The company tested the M&A market, but nothing firmed up. Fairfax tried to swing a take-private, but couldn’t raise the financing, despite having told BlackBerry shareholders in September that Fairfax had “more than they need” to make the bid work. This from the Globe on Sept. 26th:
“We’ve got a track record of 28 years of completing what we’ve done,” Mr. Watsa stressed in an interview with The Associated Press.
“We’ve never renegotiated.”
The interview was among a couple with various news organizations as Mr. Watsa moves to convince investors he will pull off the deal for BlackBerry, which is expected tomorrow to post a second-quarter loss of almost $1-billion.
Here’s what he told The Associated Press: “We thought long and hard before we offered $9 a share and we’re not in the business of offering a number and at the last minute changing the figure … Rest assured when we do this it won’t be done to split the company.”
To Reuters: “We wouldn’t put our name to such a high-profile deal if we didn’t feel confident that at the end of the day that our diligence would be fine and we’d be able to finance it … Short term these things fluctuate, there is speculation one way, there’s speculation the other way. We never pay too much attention to the marketplace.”
Mr. Watsa said Fairfax won’t put in anything more to the offer than the 10 per cent of BlackBerry it now owns.
“The 10 per cent is like $500-million,” he said.
“It’s a significant amount of money. We’re going to bring equity partners and we think the company will be very well capitalized.”
And yet, despite the CBC headline “Fairfax says BlackBerry deal will go through” of Sept. 26th, I didn’t feel quite as confident about the Fairfax proposal, to say the least (excerpt from Sept. 24th blog):
More importantly, unlike a “stalking horse bid” in a bankruptcy action, there is no BlackBerry bid today. There is no actual floor to the auction, as much as some commentators might claim. The current bidder isn’t stuck with the deal if no one else shows up to the party, unlike a true Stalking Horse proposal. There’s merely the premise of a bid in exchange for a break fee. And the premise of a bid existed immediately after Mr. Watsa stepped down from the BlackBerry board last month.

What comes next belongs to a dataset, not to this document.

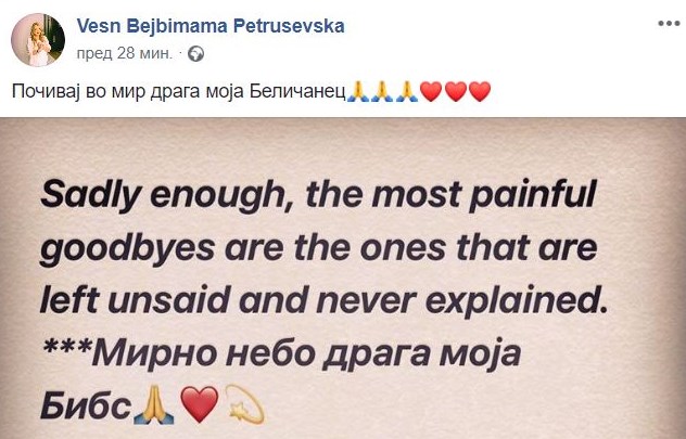 „Почивај во мир драга Беличанец, во вечноста пронајди го тоа што овде не можеше… бескрајно ќе ни недостасуваш“, напиша актерката, Јелена Жугиќ.

To his credit, Mr. Watsa isn’t throwing in the towel. Fairfax is lending BlackBerry $250 million as part of a $1 billion private placement of 7 year 6% unsecured convertible debenture offering that will close in 14 days. Perhaps these debt investors are the same ones he thought would partner with him on the $1 billion of equity required to support his $4.7 billion take-private proposal, but for the $3.7 billion of bank financing that never firmed up.
With $8.5 billion of net assets as of the last quarterly report, of which $3.3 billion was cash and short term investments, I’m not sure BBRY shareholders will understand the urgent need to raise more capital at this precise moment. Even with a $10 conversion price on the convert. The Board had already been cutting costs as fast as they could (see prior post “BlackBerry moves suggest M&A process failing to produce a strategic buyer” Sept. 23-13) as they prepared for all potential outcomes. A wise decision, even if it unintentionally telegraphed six weeks ago that the auction process was floundering.
For having more patience than me (see prior post “Throwing in the towel on my RIM shares part 2” June 26-13), BlackBerry shareholders may suffer as much as 20% dilution should the turnaround eventually succeed. As for the famous line about “certain value for shareholders” being just around the corner, there’s anything but that now.
If the $1 billion of new cash will keep the wolf from the door long enough to turn things around, it all will make sense; at last count BBRY has 6 or 7 quarters of cash left — but that was before the recent cost cuts. However, if the convert offering was merely done to send a message of confidence to Blackberry’s enterprise customers, shareholders must feel like a punching bag.